- **Records shown**:
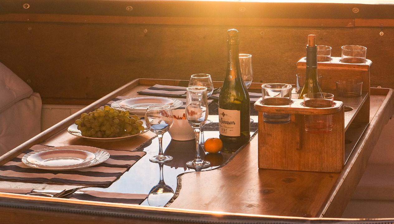 Soon after departing Cannes, they are amazed at the Illes de Lérins, two magical islands with an 11th-century Cistercian monastery, and then enjoy chilled champagne and hors d’oeuvres and they again cruise past the worldfamous Cote d’Azur and return to their luxurious private villa at St. Tropez.
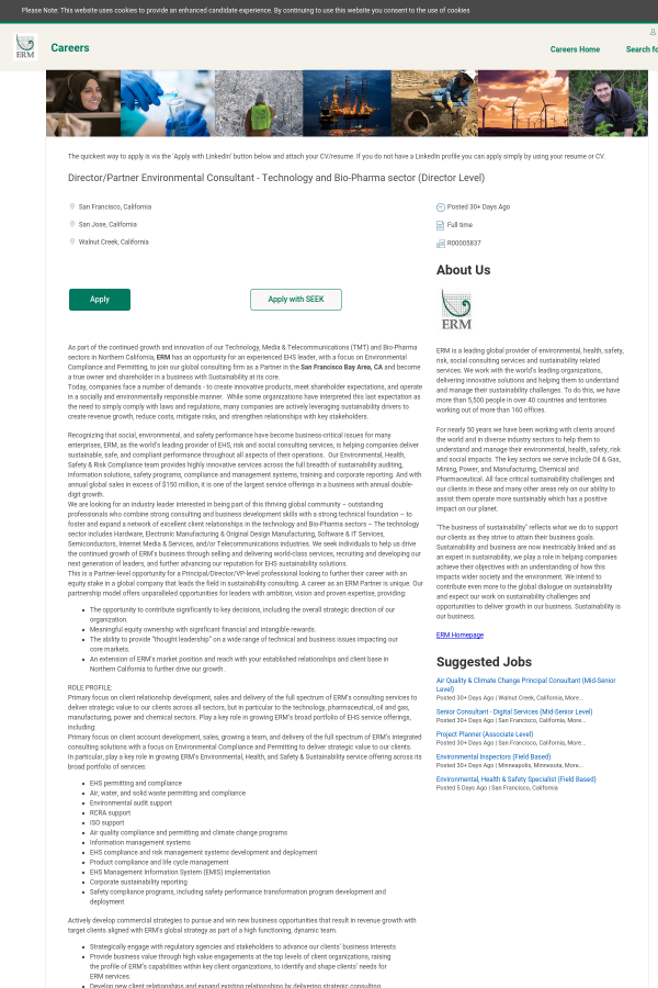 As part of the continued growth and innovation of our Technology, Media & Telecommunications (TMT) and Bio-Pharma sectors in Northern California, ERM has an opportunity for an experienced EHS leader, with a focus on Environmental Compliance and Permitting, to join our global consulting firm as a Partner in the San Francisco Bay Area, CA and become a true owner and shareholder in a business with Sustainability at its core.
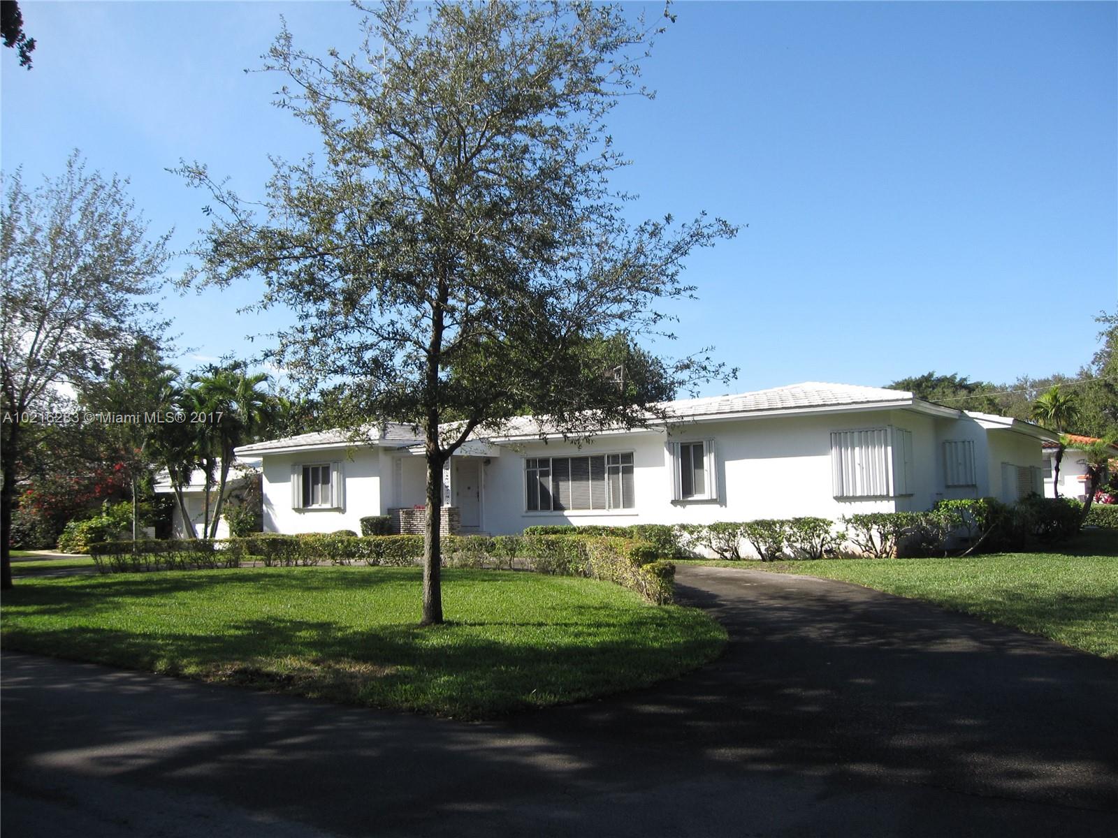 SUPERB CORAL GABLES CORNER LOCATION ON AN 11,330 SF LOT. MAINTAINED, ORIGINAL CONDITION, MID-CENTURY HOME WITH NEW ROOF IN 2014, NEW AC IN 2015. GREAT FLOOR PLAN FOR UPDATING OR RENOVATING W/FORMAL LIVING AND DINING ROOMS, FAMILY ROOM WITH VAULTED WOOD BEAMED CEILING, OAK FLOORS, SPLIT FLOOR PLAN, AND 2 CAR GARAGE W/GARDENER'S HALF BATH. ALSO A GREAT OPPORTUNITY TO RAZE AND BUILD NEW.
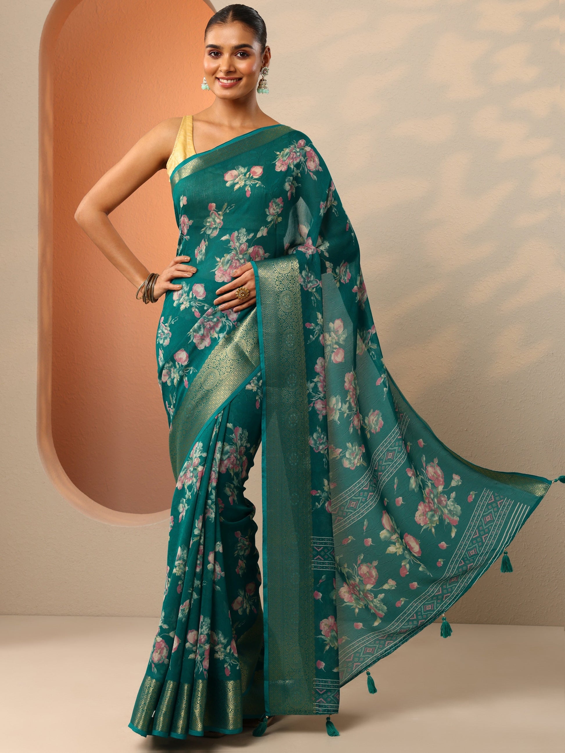 Our Teal Printed Georgette Saree Features Captivating Floral Print. Complemented With An Unstitched Blouse Piece. This Charming Saree Is Perfect For Festive Wear
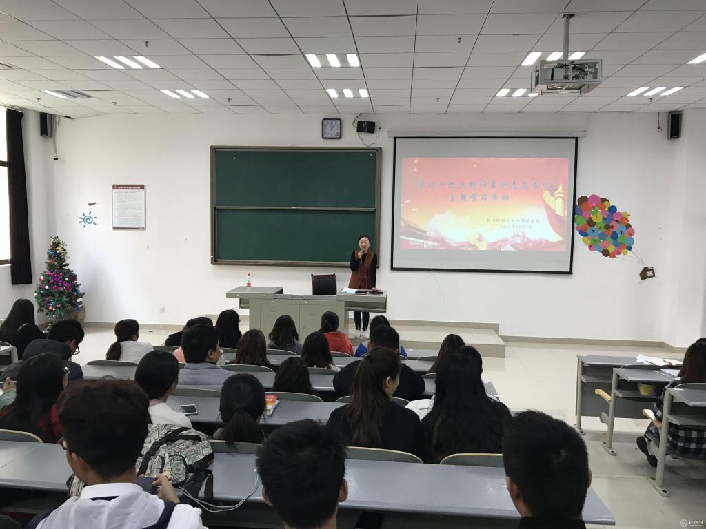 11月7日,外国语学院在南校区4107教室召开了以“学习十九大精神 勇担青春责任”为主题的学习会。外国语学院党委书记张婷婷、副书记马琳娜、分团委负责人徐艺娟出席会议。全体学生党员、学生会成员及学生干部、代表等在内的80余人参加了本次专题学习。学习会由徐艺娟老师主持。
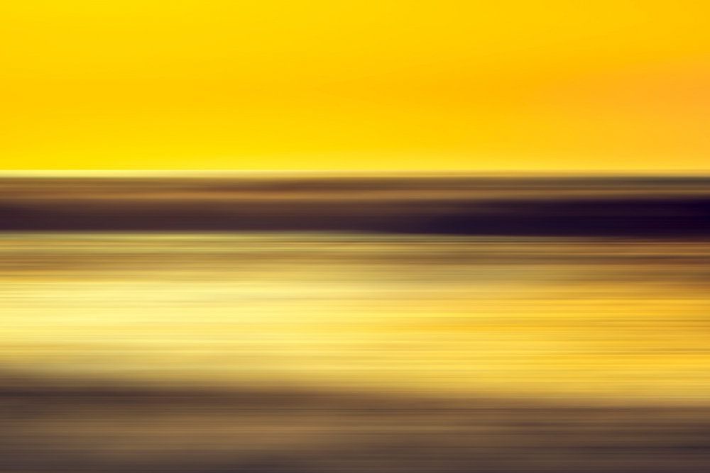 Un mélange serein de teintes jaunes et or crée une représentation abstraite apaisante d'un horizon au-dessus de l'eau. Les lignes horizontales donnent une impression de mouvement et de tranquillité. Photographie abstraite côtière.
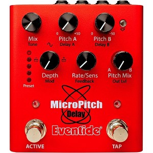 Secret SauceSavor the secret sauce simmered into countless hit records with the MicroPitch Delay Pedal. By utilizing subtle pitch shifts to create a rich stereo spread, MicroPitch Delay makes anything cook up sonically delectable. This pedal is the key ingredient for serving up flavorful tone: Instantly harness soaring leads that jump out of the mix, add distinct lushness to a compelling clean passage and get fill of vibey modulation that’s sure to sweeten any pot with the push of a button. Sample a bite of our newly baked up Positive and Negative Envelope modulation sources and ’ll be sure to come back for seconds; and major and minor thirds. MicroPitch Delay adds unparalleled dimension to any source; it’s not just a guitar pedal -- Use it to thicken vocals, keyboards, drums, strings, brass, winds and more. What’s the recipe for the MicroPitch Delay pedal? It's a unique flavor profile of dual pitch-shifters with fine-resolution de-tuning and modulation combined with delay in a delicious red package. The pedal is the latest incarnation of a legendary effect that originated in the H910 and H949 Harmonizers, and later popularized with the H3000. It can be utilized for chorusing and savory repeating delays. It's a creative sonic design tool. It’s effective whether used subtlety as a thickening tone-enhancer or dialed to the extremes for special effects. The simplicity of the pedal’s ability to make things sound bigger is what makes it so tasty! With the MicroPitch Delay pedal, can easily harness the power of this iconic Eventide effect that helped shape musical history.
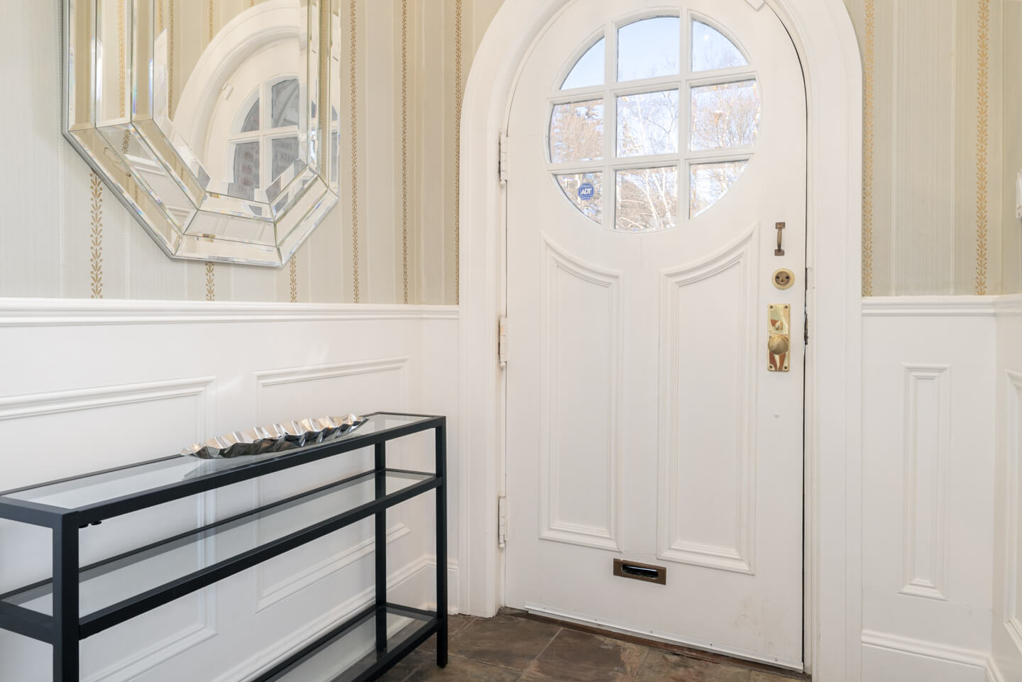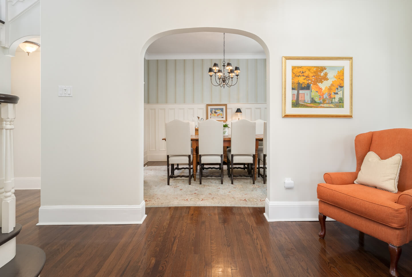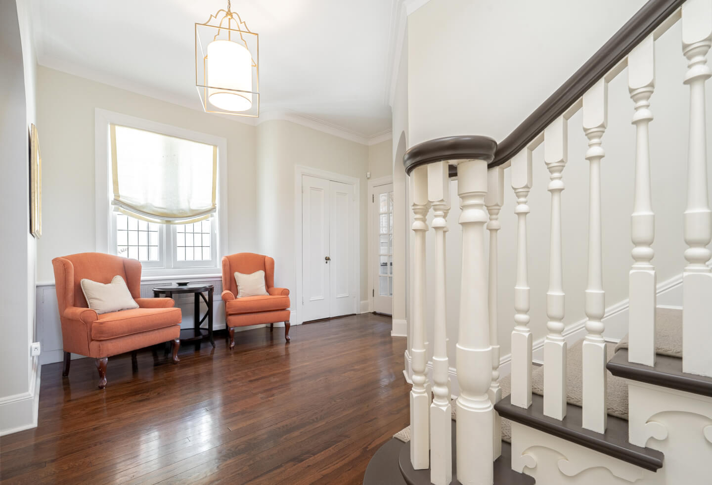 -Grand entryway with gleaming hardwood floors sets a timeless tone.

- **Work to be completed**: At the line containing "11月7日,外国语学院在南校", begin reproducing the entries word for word, and continue through their last line. Leave out the pictures.

- **Completed exercise**:
 11月7日,外国语学院在南校区4107教室召开了以“学习十九大精神 勇担青春责任”为主题的学习会。外国语学院党委书记张婷婷、副书记马琳娜、分团委负责人徐艺娟出席会议。全体学生党员、学生会成员及学生干部、代表等在内的80余人参加了本次专题学习。学习会由徐艺娟老师主持。
 Un mélange serein de teintes jaunes et or crée une représentation abstraite apaisante d'un horizon au-dessus de l'eau. Les lignes horizontales donnent une impression de mouvement et de tranquillité. Photographie abstraite côtière.
 Secret SauceSavor the secret sauce simmered into countless hit records with the MicroPitch Delay Pedal. By utilizing subtle pitch shifts to create a rich stereo spread, MicroPitch Delay makes anything cook up sonically delectable. This pedal is the key ingredient for serving up flavorful tone: Instantly harness soaring leads that jump out of the mix, add distinct lushness to a compelling clean passage and get fill of vibey modulation that’s sure to sweeten any pot with the push of a button. Sample a bite of our newly baked up Positive and Negative Envelope modulation sources and ’ll be sure to come back for seconds; and major and minor thirds. MicroPitch Delay adds unparalleled dimension to any source; it’s not just a guitar pedal -- Use it to thicken vocals, keyboards, drums, strings, brass, winds and more. What’s the recipe for the MicroPitch Delay pedal? It's a unique flavor profile of dual pitch-shifters with fine-resolution de-tuning and modulation combined with delay in a delicious red package. The pedal is the latest incarnation of a legendary effect that originated in the H910 and H949 Harmonizers, and later popularized with the H3000. It can be utilized for chorusing and savory repeating delays. It's a creative sonic design tool. It’s effective whether used subtlety as a thickening tone-enhancer or dialed to the extremes for special effects. The simplicity of the pedal’s ability to make things sound bigger is what makes it so tasty! With the MicroPitch Delay pedal, can easily harness the power of this iconic Eventide effect that helped shape musical history.
 -Grand entryway with gleaming hardwood floors sets a timeless tone.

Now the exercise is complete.